Sandone is retiring later this year, after 26 years as a state official. The fishermen in Tanana, who scoff at his theory, say they are delighted to see him go. They hope the state will be less hostile to studying the disease and trying to figure out what to do about it.

Besides supporting fishermen, salmon are a keystone species in Alaska and the Pacific Northwest, supporting wildlife from birds to bears and orcas.

A crash could cripple dependent creatures.

 Mary Ruckelshaus, a federal biologist with the Northwest Fisheries Science Center in Seattle, has been running climate models to peer into the future for Pacific Northwest salmon. Those models predict that salmon will become extinct without aggressive efforts to preserve the clear, cool streams needed for spawning, such as planting trees to shade streams and curtailing the amount of water siphoned off by farmers.

"It's sort of a time bomb," Ruckelshaus said.

"If people don't have a plan for it, it can be disastrous when it hits."
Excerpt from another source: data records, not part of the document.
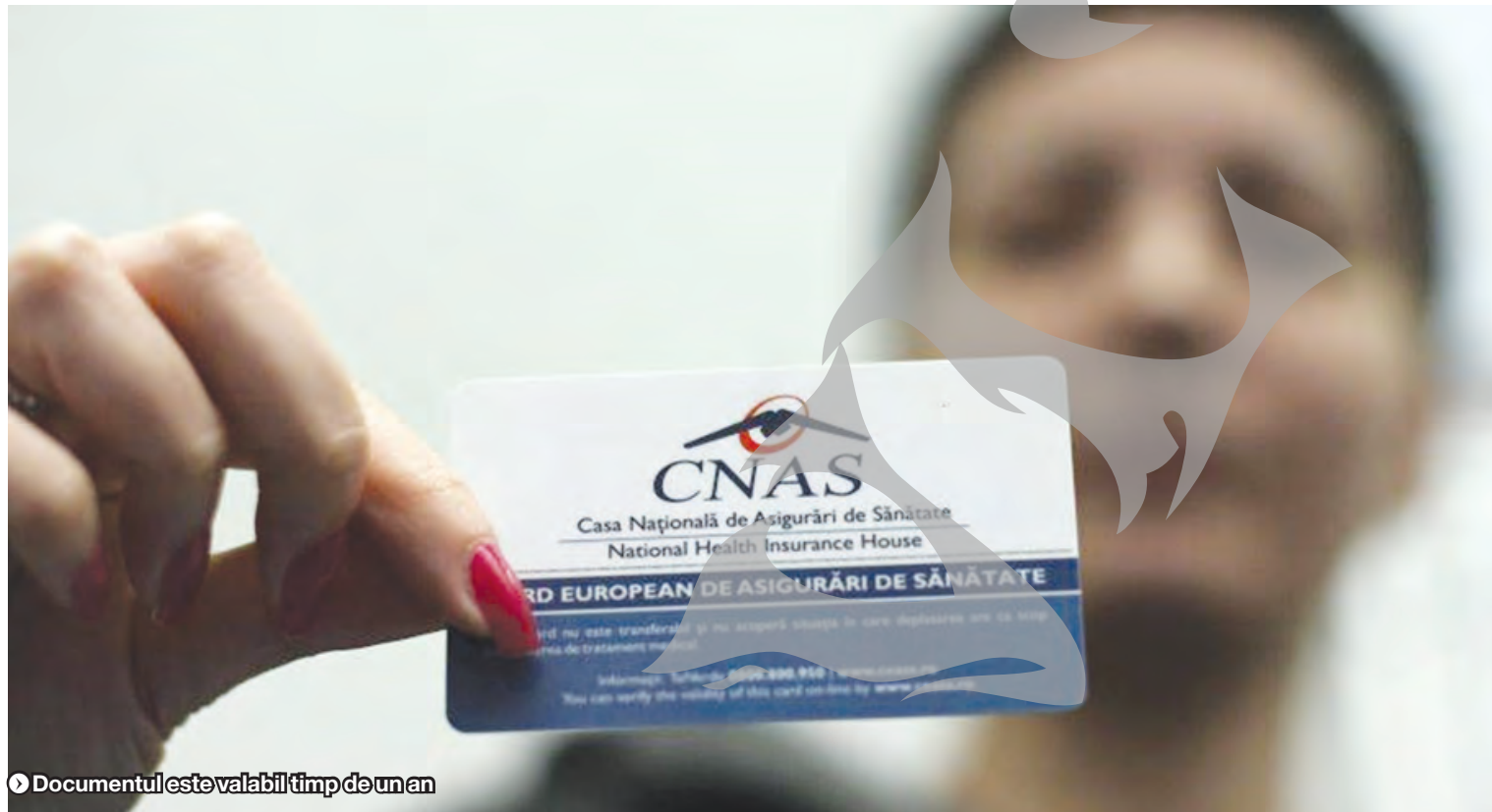
Documentul este valabil timp de un an

- vizare adeverințe și Compartimentul Relații cu Asigurații au program prelungit cu publicul, până la ora 18,00. Pe site-ul http://www.cnas.ro/casgl/ - n.r.), pe care mai apoi o depuneți, alături de o copie după buletin, la sediul CJAS Galați. În locul buletinului, pentru copiii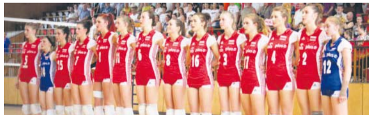
Reprezentacja Polski bardzo dobrze zaprezentowała się i wygrała trudne spotkanie.

Reprezentacja Polski kadetek przygotowuje się do mistrzostw świata, które na przełomie lipca i sierpnia odbędą się w Tajlandii. Przed wyjazdem dziewczyny rozegrają kilka spotkań towarzy-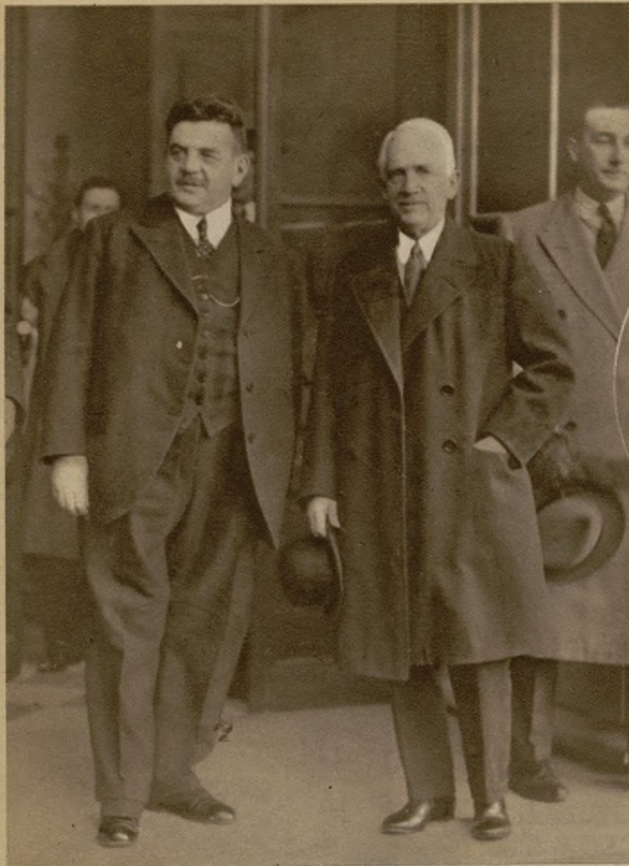
Herriot acude a recibir al señor Norman Davis, enviado extraordinario de los Estados Unidos, para exponer las conclusiones de su país en cuanto a las deudas

La voluntad cerrada, intransigente, de Norteamérica, ha precipitado en estos días a nuestra pobre Europa en un mar de confusiones y de inquietudes.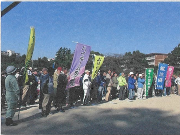
15の自治会が集まりました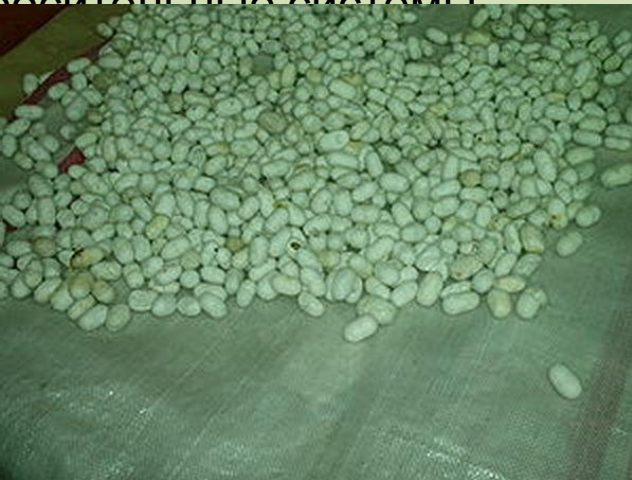
Коконсы тутового шелкопряда

В середине I тыс. до н. э. Китай переживает бурный социально-экономический рост. Складываются новые центры торговли, численность населения многих городов приближается к полумиллиону. Высокого уровня достигают плавка железа. Успешно развиваются ремесла, строятся гидротехнические сооружения. В земледелии широко используются оросительные системы.

Her models didn't factor in the potential for emerging diseases, such as the one that Kocan, her former professor, has been studying.

Kocan views Ichthyophonus as a classic emerging disease. He pointed out that salmon, a lucrative catch, had been scrutinized by scientists and fishermen for decades, and the disease had never before been reported. In the last decade, it has shown up in salmon on the Yukon, Kuskokwim and Taku rivers in Alaska and on various rivers in British Columbia and Russia.

It has also been detected in recent years in rockfish and smaller noncommercial fish in Puget Sound and elsewhere off the coasts of Oregon and Washington, and in freshwater trout on Idaho farms.

It's the kind of redistribution of disease that can be expected with climate change, Kocan said: "Everything is getting warmer, and that's how climate change is going to redistribute all kinds of disease. Parasites have their optimum conditions -- upper and lower limits. We'll notice where they show up but not necessarily where they disappear."

Ichthyophonus is among a class of ancient parasitic microbes that can move fast, taking advantage of new niches using age-old tricks that have kept them around for billions of years.

None of this comforts Pat Moore, a musher with dozens of dogs, and others who rely on the bounty of the Yukon River to make their living. It's a culture that lives on the edge and cannot stomach waste.

"I don't want to kill fish for the sake of killing them," said Moore, as he expertly sliced a king into narrow strips.